ScanSpeak 2way i build long time ago. I don't have these anymore.
Im currently working on the F4 beast pcb design. I will show some stuff in a few weeks probably. Im going to try the opto bias parallel version.
Martin
I recently did bench tests of the opto bias parallel version and have found some issues bias adjustment procedure. That circuit has a positive temperature coefficient, meaning that the bias current increases with heatsink, optocoupler, and zener diode temperature. In my build the bias current increases about 4mA/C of heatsink temperature. That is not necessarily bad, but it does increase the time before the heqatsink temperature stabilizes, and makes it difficult to guess the initial adjustment of the bias current. I can provide more details as needed.
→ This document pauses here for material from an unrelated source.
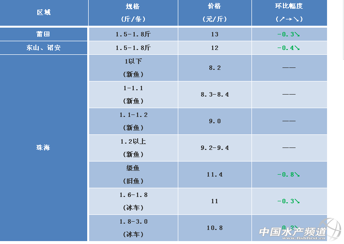 文/ 粵海飼料集團(tuán)、中國(guó)水產(chǎn)頻道 彭曉君 中國(guó)水產(chǎn)頻道原創(chuàng)報(bào)道,2018年9月8日海鱸塘頭價(jià)行情簡(jiǎn)析: 福建莆田、東山、詔安區(qū)域:新鱸魚規(guī)格在5-7兩,8兩以上鱸魚占養(yǎng)殖魚近一成,新鱸魚開始少量出魚,老鱸魚存塘量減少。受新鱸魚上市影響,本周魚價(jià)同比上周下跌0.3-0.4元/斤。 廣東珠海區(qū)域:(1)新魚規(guī)格沖量,1.1斤的規(guī)格對(duì)舊魚的沖擊大,導(dǎo)致舊魚的價(jià)格下滑;(2)大量新魚上市,養(yǎng)殖戶出魚心切,排隊(duì)安排出魚,目前出魚養(yǎng)戶基本以魚中自己養(yǎng)殖的魚為主,非魚中養(yǎng)殖戶出魚還是比較艱難;(3)目前8元多點(diǎn)魚,價(jià)格相對(duì)便宜,與去年同期價(jià)格反升,而今年價(jià)格一直下滑,冰庫(kù)開始入庫(kù)。 ※上述報(bào)價(jià)可能會(huì)因區(qū)域、規(guī)格、品質(zhì)和時(shí)間等因素的不同而會(huì)產(chǎn)生差異,在此僅供參考。環(huán)比幅度以本周價(jià)格與上周價(jià)格數(shù)據(jù)做對(duì)比。 【關(guān)鍵字】:海鱸 海鱸塘頭價(jià) 水產(chǎn)養(yǎng)殖 |

Referring to the schematic in post #1594, there might be three options regarding Cbias (C1 and C2):
- Cbias as shown in post #1594, connected between top of R10 and J313 source pin. FET has only DC source degeneration. Gain is insensitive to pot adjustment.
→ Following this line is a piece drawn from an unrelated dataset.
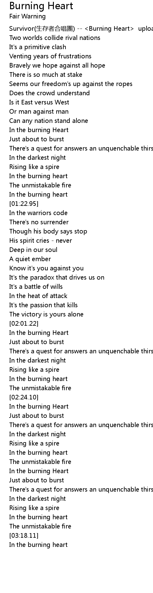 | [00:00.00] | Survivor(生存者合唱團) -- <Burning Heart> upload by Giga97 |

- Cbias connected between top of R10 and rail (VF+). This is the same as in the BA3 Front End, shown below. FET has full source degeneration. Gain is insensitive to pot adjustment and about 15dB lower than option 1.
- No Cbias. FET has full source degeneration. The open-loop gain is sensitive to the pot adjustment. Poor choice.
Attachments
You are correct. I actually tried that option about 1 year ago. The main problems I saw were with the RC time constant and with the series resistance of the capacitor, and variability between that resistance between the caps on the positive and negative rails. In order to get a time constant equal to option 1 requires the capacitor to be about 5 times larger.
If you were to use that fourth option, you would also probably want to have the capacitor of option 2 so that pot adjustment does not change the gain and thus the even harmonics. If the cap series resistance is not a problem, that should result in essentially the same behavior as option 1.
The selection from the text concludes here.